A striking thing I found out is that anti-terrorism policies of the Department of Homeland Security are subject to the same benefit-cost requirements as EPA and Transport. But Homeland Security is only one way the US government spends money with the aim of protecting Americans against attacks from terrorists and other enemies. Defense spending is far bigger and not subject to BCA, even though money spent on defense is money that can’t be spent on reducing terrorism risk through DHS or more reliably on reductions in environmental, health and transport risk
The numbers are quite striking.
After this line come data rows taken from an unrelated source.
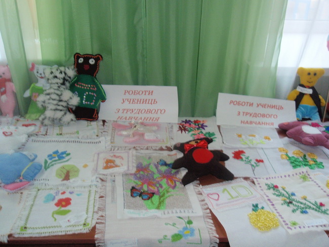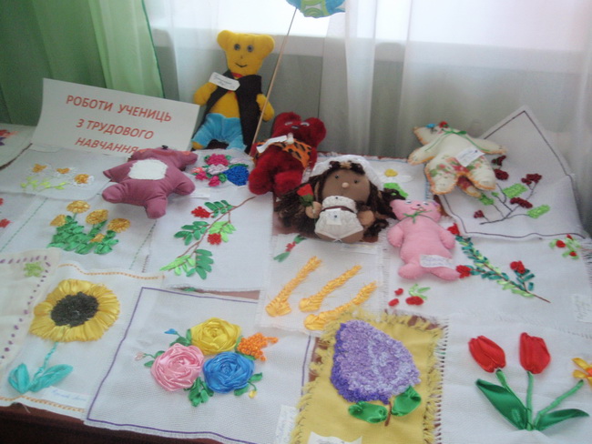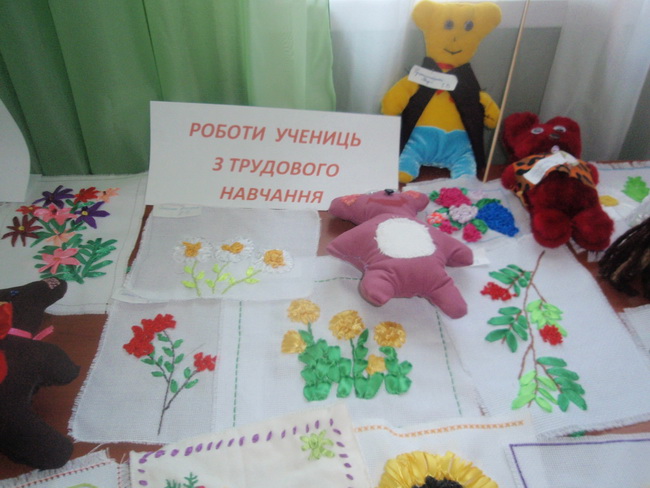 Рушники, серветки, доріжки, фартухи, портрети, натюрморти, квіти, вишиті стрічками, хрестиком, рішельє – усе це роботи учнів 5-9 класів на уроках трудового навчання.
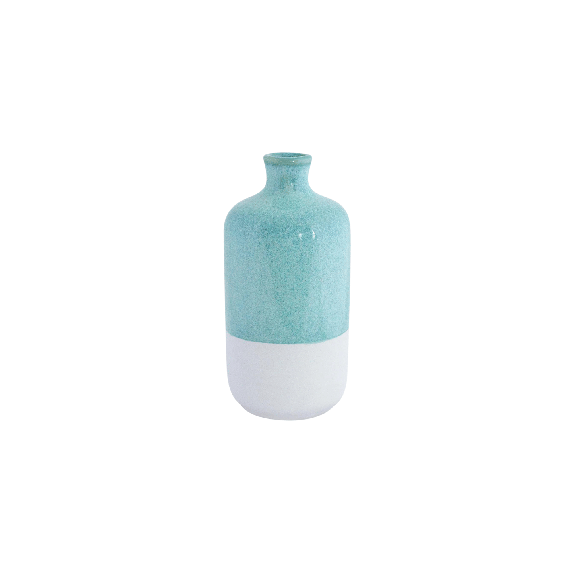 Add a splash of colour to your home with the Syros Botte Vase, boasting a beautiful aqua and grey ombre effect. Its unique, powdery-textured base and bright speckles create a charming contrast, whether filled with flowers or displayed solo.
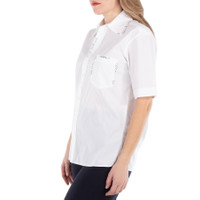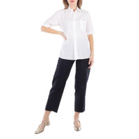 Marni Ladies Tops. Fashion category: Shirts & Blouses. SKU: CAMA0588S0. Color: Lily White. The Marni Loose-Fit Blouse with Pointed Collar is the perfect blend of casual elegance and contemporary style. This oversized shirt is crafted with a comfortable, cool fit, featuring short sleeves and a dropped shoulder design for a relaxed silhouette. The pointed collar adds a touch of sophistication, while the full front button placket and chest pocket with embroidered logo provide both style and practicality. Decorative black stitching along the collar, button placket, and pocket add a modern, refined detail. With a straight hemline and a slightly longer length, this blouse is ideal for creating effortless, chic looks. 100% Cotton. GENERAL Color: Lily White INFORMATION Brand: Marni Gender: Womens Model: CAMA0588S0-LILY WHITE DETAILS Category: Tops Apparel Type: Shirts & Blouses Material: Cotton ADDITIONAL INFO Jomashop Sku: -CAMA0588S0LILYWHITE Department: Clothing
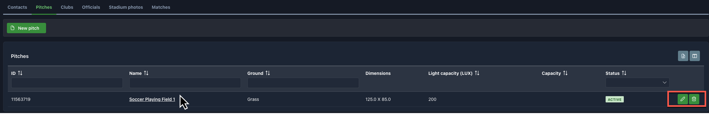 💡 The tabled list of pitches consists of the following information: Pitch ID, Status (Active/Inactive), Name, Light Capacity, Dimensions, Ground, Category, and Capacity Box.

The ‘peacetime’ defense budget is around $500 billion a year, and the various wars of choice have cost around $250 billion a year for the last decade (very round numbers here). Allocated to domestic risk reduction, that money would save 150 000 American lives a year.
So, since 9/11, US defense spending has been chosen in preference to measures that would have saved 1.5 million American lives. That’s not a hypothetical number – it’s 1.5 million people who are now dead but who could have been saved. I think its fair to say that those people were killed by the Defense Department, or, more precisely, by the allocation of scarce life-saving resources to that Department.